The 16 KB vs 4 KB pool buffer size makes negligible difference for memory — the savings come from moving the buffer off the stack entirely, not from making it smaller.


3. CPU Overhead — Stack vs Pool

Key finding: zero measurable CPU impact from using sync.Pool

Scenario stack 16KB pool 16KB pool 4KB
Raw relay (10 MB) 11,018 MB/s 10,952 MB/s 11,004 MB/s
TLS relay (10 MB) 9,788 MB/s 9,633 MB/s 9,676 MB/s

All values are within ±2% noise. No statistically significant difference.

Isolated overhead:

  • sync.Pool.Get() + Put() = 7.3 ns per call (one-time per connection, not per read)
  • Stack allocation of [16379]byte = 0.25 ns
  • Difference: 7 ns per connection.

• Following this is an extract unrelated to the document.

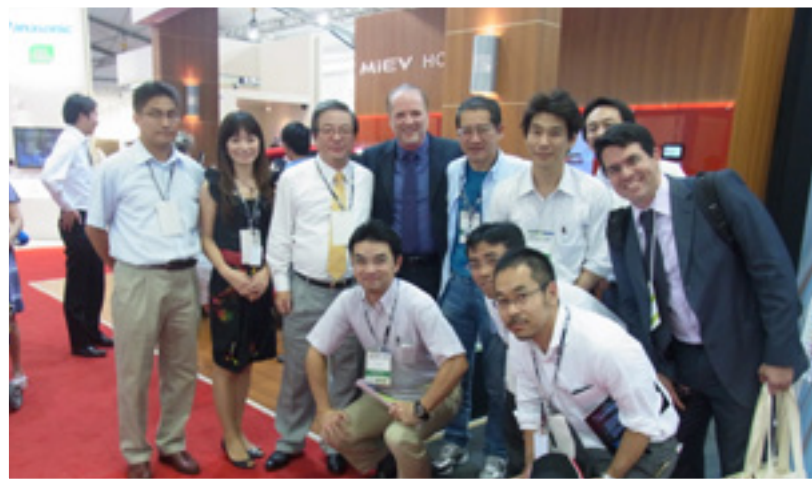
Representantes de la Mitsubishi Corporation y la Fundación Odebrecht en el stand que destacó PDCIS

For a transfer lasting ~1,000,000 ns (1 ms), this is 0.0007% overhead

Conclusion on CPU

sync.Pool introduces no measurable CPU overhead for relay operations. The ~7 ns per Get/Put is amortized across the entire connection lifetime (millions of ns). Throughput is identical whether using stack-allocated or pool-allocated buffers of any size.